November 04, 2025
New Report Reveals Why AI Isn’t Solving Retail Marketing Bottlenecks
Despite widespread adoption, marketers report that growing content demands are outpacing their ability to produce and distribute campaigns through AI. Does the issue lie in how companies are using AI or the technology itself?
Typeface’s new Signal Report: Retail Edition finds that 83% of retail teams have adopted AI tools, yet campaign speed and scale remain persistent bottlenecks.
Every leader surveyed said content needs are growing faster than teams’ ability to keep up. Still, the problem isn’t the technology itself. Many AI tools are deployed individually, which leads to fragmented workflows. Marketing teams have the capability, but not the organisation to deploy it systematically. AI, it seems, is only as fast as the processes it’s plugged into.
Inconsistencies across Organisation Levels
Personalisation is one area where AI shows real promise. Whether it’s tailored content or predicting interests, AI contributes to more unique experiences and, ultimately, higher customer satisfaction.
Around 65% of marketers report tailoring content at the segment level, creating campaigns that feel relevant to different audiences.
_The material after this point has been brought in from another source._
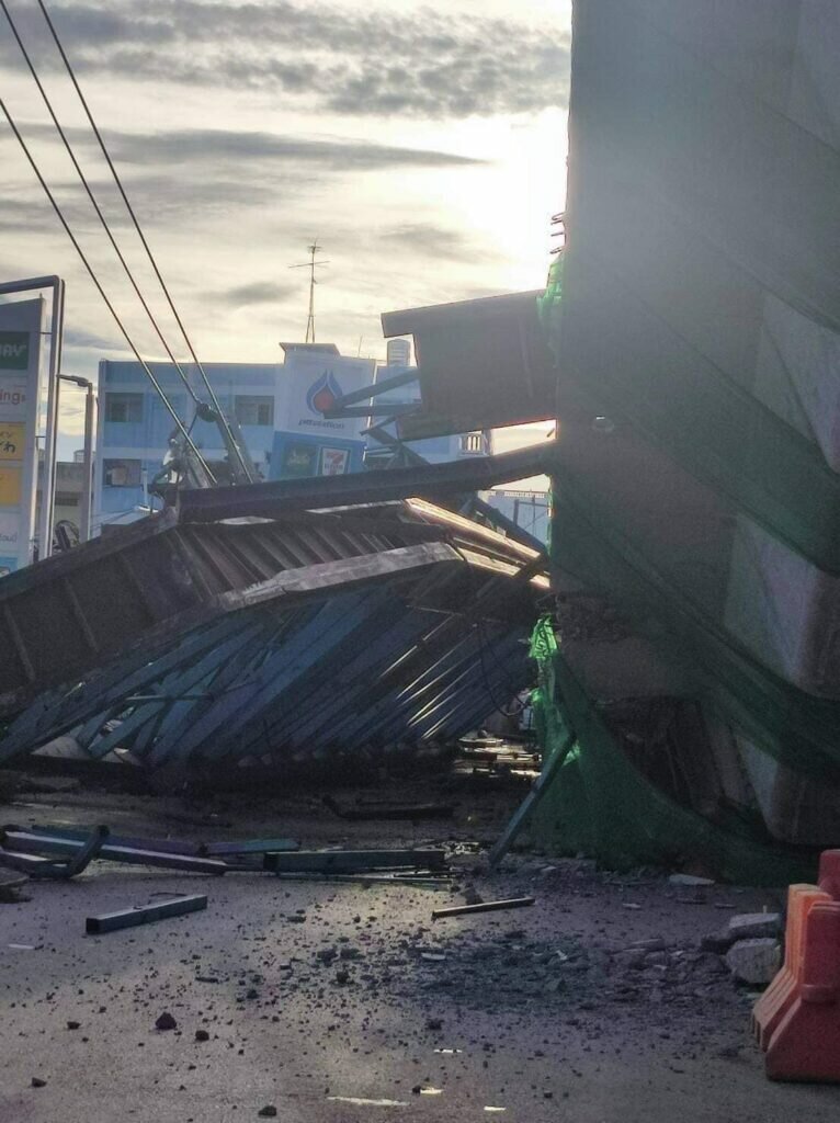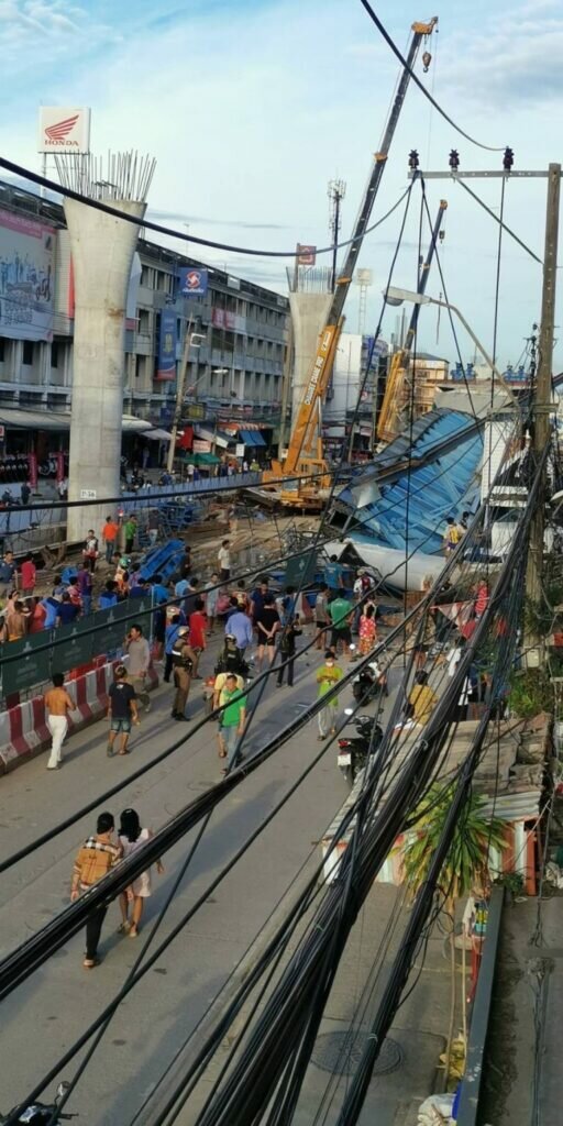 In a heart-wrenching turn of events, a bridge construction site in the bustling area of Lat Krabang, Bangkok, became the epicenter of a catastrophe when the structure unexpectedly gave way, claiming two lives and leaving several injured. The incident was first brought to public attention when the Rama 199 Radio Center received an urgent notification from the Lat Krabang Fire and Rescue Station, reporting the collapse of the bridge that had been under construction in front of the renowned department store in the Lat Krabang area, along Luang Phaeng Road in Tab Yao Subdistrict.

But even here, success is inconsistent. Seventy-two percent say AI is used primarily at the individual level, leaving broader collaborative benefits largely untapped. Many teams are still piloting AI agents, and 76% have not yet scaled their automation across the organisation.
Time is the biggest challenge for marketing teams, since multi-channel campaigns take three to four weeks to launch for most teams, despite 86% of leaders aiming for two weeks or less. Marketing departments are under pressure to move faster, but fragmented processes and isolated AI tools slow them down. On top of that, tight budgets are another challenge: 96% of leaders report at least some difficulty justifying spend internally, and 26% describe this as a major struggle.
All You Need Is Efficiency
More than half of respondents have reduced reliance on external agencies thanks to AI, and 70% believe full automation could eliminate most agency spend. Yet trimming costs doesn’t automatically speed campaigns. Organisational barriers like disconnected teams, siloed workflows, and unclear processes are still holding back true efficiency.
According to the report, retailers can achieve meaningful personalisation and efficiency gains, but only when systems, processes, and people are aligned. Until then, campaigns remain slow, fragmented, and far from real-time.
“When AI is used in silos, you get faster outputs, not better outcomes. The real unlock for retailers comes when AI becomes invisible — embedded into the way teams plan, create, and collaborate. That’s where speed and creativity finally meet at scale,” said Jason Ing, Chief Marketing Officer at Typeface.